In curved space, try to lay out a perfect grid of meter sticks. You can’t. You end up with extra “pixels” that don’t fit. Either shorten some sticks, or let them bulge out in the third dimension.

Einstein Curvature GIF - Find & Share on GIPHY

A 2d closed surface can be viewed at embedded in 3d, or as a distorted disk in 2d (Feynman’s hot plate):

Geodesic: traced by a cart on a 2d spherical surface embedded in 3d:

Geodesic: traced by cart on Feynman’s hot plate, where the wheel sizes (or speeds) vary:

In 3d, a grid of rods make voxels (3d pixels)…:

…and in 4d, a grid of rods (including time rods) make hypervoxels (4d pixels):

Curvature of time. Just like the space dimensions deform or buckle, time stretches in 4d “voxels.” Where the copper “time-stick” is long, clocks run slow.

There’s a conspiracy of nature: When everything runs in slow motion — clocks, your brain, your muscles… — you cannot tell:



Black holes

Schwarzschild spacetime. Increase the mass, spacetime curves:

Static (Schwarzschild) black hole. Particle falls, seems to freeze, then happens to bounce on something (mirror, quantum fluctuation…)

Black holes don’t “suck” in matter any more than a star of the same mass. Orbits of particles are the same. In fact, black holes are less likely to swallow a particle, because it’s smaller, and most particles fly right past the black hole. You need a head-on collision to get destroyed, and for black holes, being very small, that’s rare:

Rotating (Kerr) black hole. Particle falls, is frame-dragged, orbits an infinite number of times before reaching the event horizon:

At the event horizon, light cones tip over, so an outside cannot say: “the falling thing has crossed the horizon”:

At the event horizon, clocks slow to zero. As with the Shapiro delay, you could bounce just outside the event horizon, and reappear after a trillion years:

When a black hole evaporates (via Hawking radiation), you cannot fall across the event horizon (more details here):



Slow light

For the same measured distance, light takes different time to bounce and return. This Shapiro delay can be arbitrarily large when bouncing close to the event horizon of a black hole. Taylor and Wheeler refer to this as “slow light”:

Prism: light bends toward slower light. Half of the light flash (“wave front”) enters the prism first, slowing down, turning the light flash toward the prism:

Light bends toward slower light. Here, we cannot make a square with 90 degree angles:

Measuring the local speed of light always gives c, because your measurement equipment slows along with light.

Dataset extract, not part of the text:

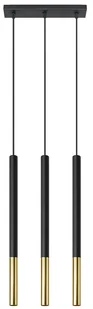 stal malowana proszkowo Kolor: czarny, złoty Źródło światła: G9 , 3 x 12W, 50Hz, 220V, IP20 Wymiary: 30 x 8 x 100 cm (możliwość regulacji) Wymiary klosza: 2,5 cm x 50 cm Żarówki w komplecie:

Einstein Speed Of Light GIF - Find & Share on GIPHY




Travel the quick way, through a wormhole:

Build a worm hole by connecting two “mouths” in the embedding dimension:

Morris-Thorne wormhole. Step into one mouth, step out the other (along yellow rods):

The two wormhole mouths can be attached at different times:

Same skewed attachment with the t coordinate visualized. You can the make a time machine (more here).





The universe looks the same from everywhere, even when it’s closed:

A closed universe is not infinite. Go straight, and you loop back to where you started, just like on planet Earth’s surface.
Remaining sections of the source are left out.